I have volunteered my time at my daughter's school the past three years as the official timer for their home games. As a fomer official I certainly understand the concept of the table officials being an extension of the night's crew, but the mother that kept the book for our team this season had a problem with that. There were a couple of times early in the season when she was pretty vocal in disagreeing with a call that had been made, and I reminded her that when she chose to sit at the table she gave up a few things, one of which was the "privilege" of yelling at the officials.

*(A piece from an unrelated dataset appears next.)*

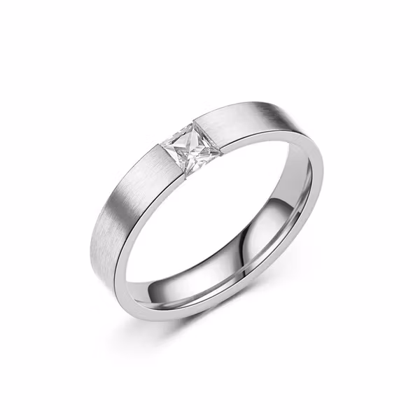 En tidlös ring i borstat rostfritt stål med en kvadratisk, klar zirkoniasten som elegant blickfång. Den matta ytan kontrasterar vackert mot den gnistrande stenen – perfekt för dig som vill ha en stilren ring med lite edge.

However, I wasn't ready for what happened at a game about 3 weeks ago. About 3-4 minutes into the first quarter, her daughter fell to the floor, with no foul call made. Convinced that her daughter could not possibly have fallen without being pushed, she yells across the floor to the official about the no call. As her daughter is a little slow to get up and get back down the floor, the mother then turns to our bench and starts yelling for the coach to call a timeout. For whatever reason, the coach does call a timeout. As the nearer official comes to the table to report the timeout, our scorer gets up and walks across the floor to the far baseline where the official is standing that she felt should have called a foul and proceeds to let him know exactly what she thinks about his no call. I quickly located the AD and motioned for him to come to the table, where I informed him that the lady on the floor berating the official was his official scorer. Needless to say, he quickly intervened and escorted her out of the gym and she did not return to the table the rest of the season!

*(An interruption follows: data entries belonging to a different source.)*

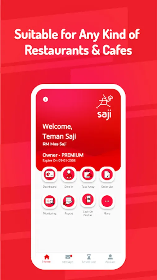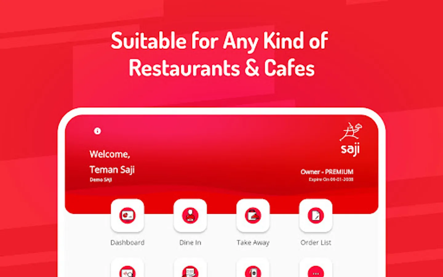 Using only a smartphone or tablet and no significant hardware investment requirements, Saji is also good for many kinds of various food and beverage enterprises, such as cafe, food courts, coffee shops, depots, food stalls, food trucks, franchises, UMKM, cake shops, etc.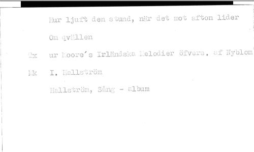 //// Hur ljuft den stund, när det mot afton lider Om qvällen //// 2x ur Loore's Irländska Lelodier öfvers. af Nyblom Lk 1. Hallström //// Hallström, Sång - album ////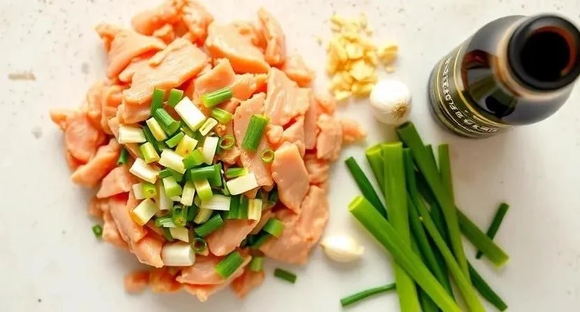 - Подготовьте фарш: смешайте его с мелко нарезанным луком, яйцом, панировочными сухарями, соевым соусом, тертым имбирем, измельченным чесноком, солью и перцем. Тщательно перемешайте.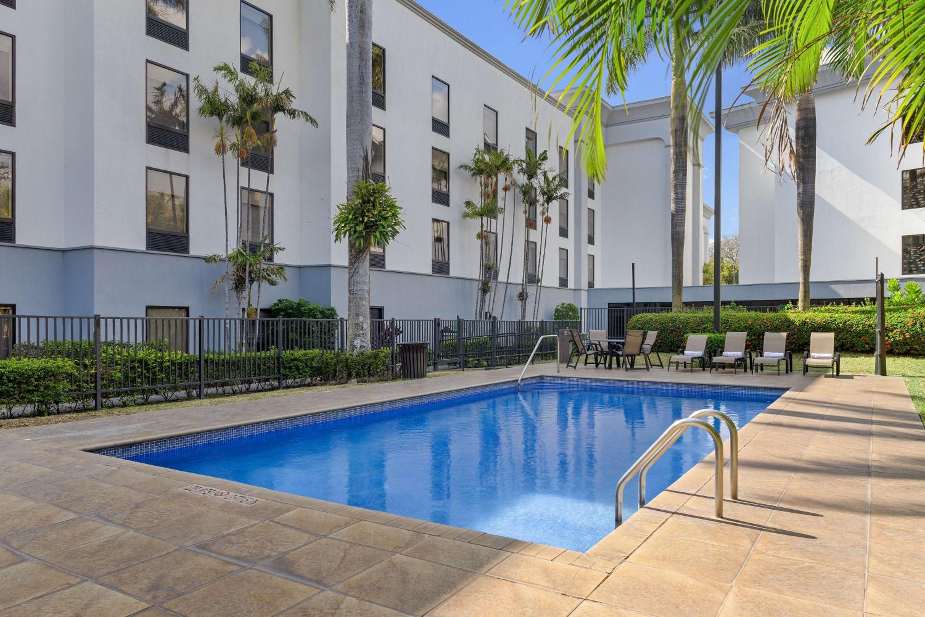 Luxurious Amenities: Hampton Inn & Suites offers a large pool, a gym, free Wi-Fi, and complimentary airport transfers for a convenient stay.

You have to wonder what goes through a person's mind when they do something that stupid. I can't imagine how her daughter must have felt, watching!
I can give you a pretty good idea based on something that happened to one of our football officials in a Pop Warner game, kids were around age 11-12. One of the team moms on the sideline keeping track of how many plays each player was in the game got after an official pretty good, accusing him of being unfair and all that. This happened sometime in the first half of the game. At halftime, as the kids were leaving the field, the officials were talking to some of the players asking them how it seemed to be going, and the kids were fine with everything. Then, one kid came up to the official that had been ragged on by the mom and said, "And Ref, I'd like to apologize for my mom's actions." If I was a parent and heard my child had made a statement like that, I would be completely and utterly embarassed.